From the line holding "1950. Nordrhein-Westfalen. Köln-Düsseldorfer" through the line holding "日式手彫刺青作品—半甲龙很感" below, write out every line exactly; include both of those lines and drop the pictures.

===

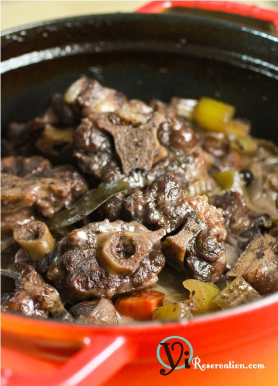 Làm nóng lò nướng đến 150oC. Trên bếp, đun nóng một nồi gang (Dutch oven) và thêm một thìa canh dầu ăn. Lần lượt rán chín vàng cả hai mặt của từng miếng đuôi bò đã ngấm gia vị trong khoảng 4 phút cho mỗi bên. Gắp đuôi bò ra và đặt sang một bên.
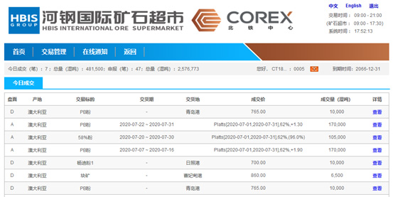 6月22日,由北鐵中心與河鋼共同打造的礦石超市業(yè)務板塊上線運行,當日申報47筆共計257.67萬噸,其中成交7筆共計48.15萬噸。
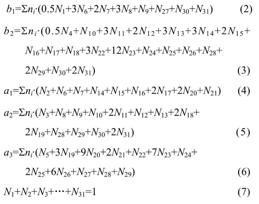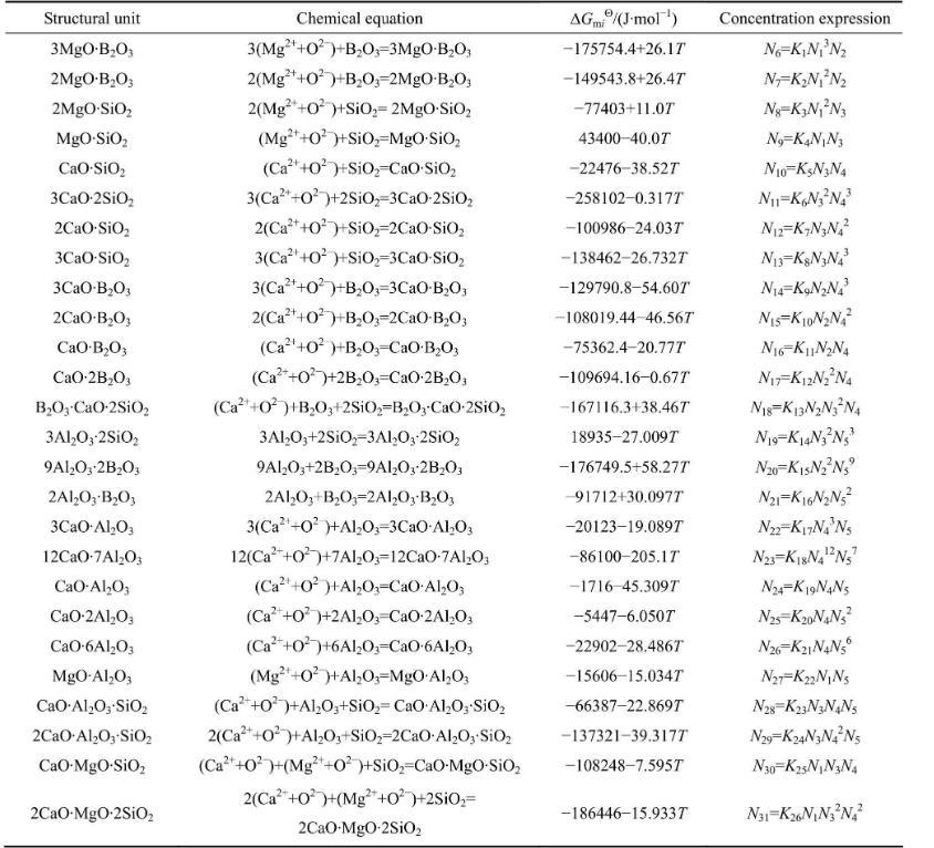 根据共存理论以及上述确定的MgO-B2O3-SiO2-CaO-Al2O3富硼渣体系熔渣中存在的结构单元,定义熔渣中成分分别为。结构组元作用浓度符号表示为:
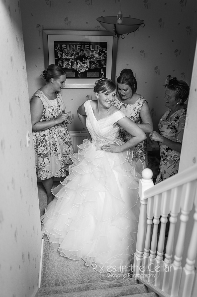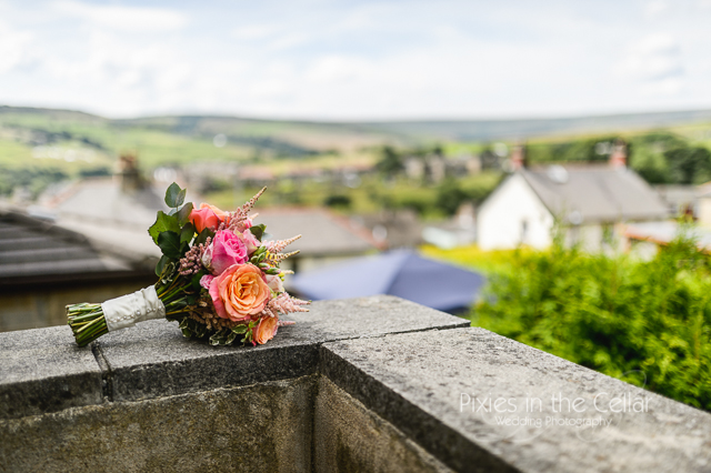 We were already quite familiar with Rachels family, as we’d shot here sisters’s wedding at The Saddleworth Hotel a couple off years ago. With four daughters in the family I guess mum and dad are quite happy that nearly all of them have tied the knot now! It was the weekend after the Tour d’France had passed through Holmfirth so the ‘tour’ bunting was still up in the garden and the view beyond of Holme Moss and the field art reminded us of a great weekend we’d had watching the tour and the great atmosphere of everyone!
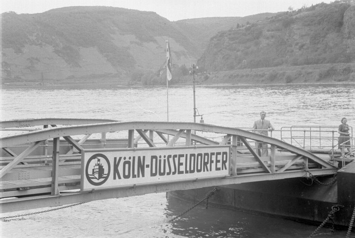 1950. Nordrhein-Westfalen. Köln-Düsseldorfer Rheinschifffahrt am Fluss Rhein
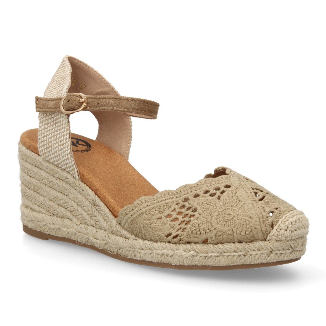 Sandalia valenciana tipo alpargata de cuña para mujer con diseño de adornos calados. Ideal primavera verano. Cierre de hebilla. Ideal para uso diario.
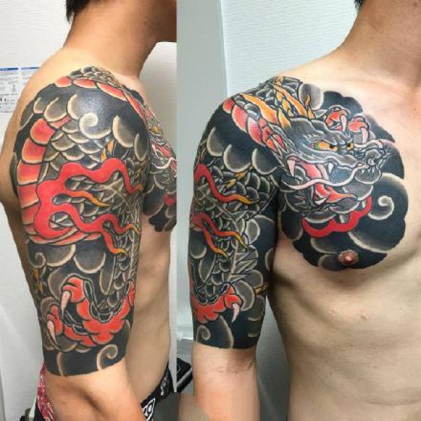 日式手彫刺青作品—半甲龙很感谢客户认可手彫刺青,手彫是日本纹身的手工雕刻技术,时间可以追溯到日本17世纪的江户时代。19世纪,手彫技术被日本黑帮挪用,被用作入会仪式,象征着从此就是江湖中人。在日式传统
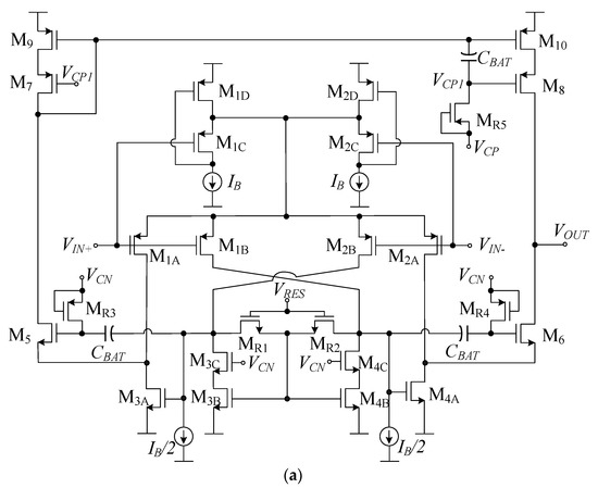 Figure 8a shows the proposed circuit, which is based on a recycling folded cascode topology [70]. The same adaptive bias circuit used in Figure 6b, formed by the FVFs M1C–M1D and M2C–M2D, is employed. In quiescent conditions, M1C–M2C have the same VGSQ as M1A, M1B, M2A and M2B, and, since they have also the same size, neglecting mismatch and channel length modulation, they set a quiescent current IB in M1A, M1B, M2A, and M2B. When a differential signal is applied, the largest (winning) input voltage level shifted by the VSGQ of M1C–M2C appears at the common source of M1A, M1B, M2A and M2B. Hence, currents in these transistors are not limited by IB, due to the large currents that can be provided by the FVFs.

===

— ANSWER FOR THE TASK —
 1950. Nordrhein-Westfalen. Köln-Düsseldorfer Rheinschifffahrt am Fluss Rhein
 Sandalia valenciana tipo alpargata de cuña para mujer con diseño de adornos calados. Ideal primavera verano. Cierre de hebilla. Ideal para uso diario.
 日式手彫刺青作品—半甲龙很感谢客户认可手彫刺青,手彫是日本纹身的手工雕刻技术,时间可以追溯到日本17世纪的江户时代。19世纪,手彫技术被日本黑帮挪用,被用作入会仪式,象征着从此就是江湖中人。在日式传统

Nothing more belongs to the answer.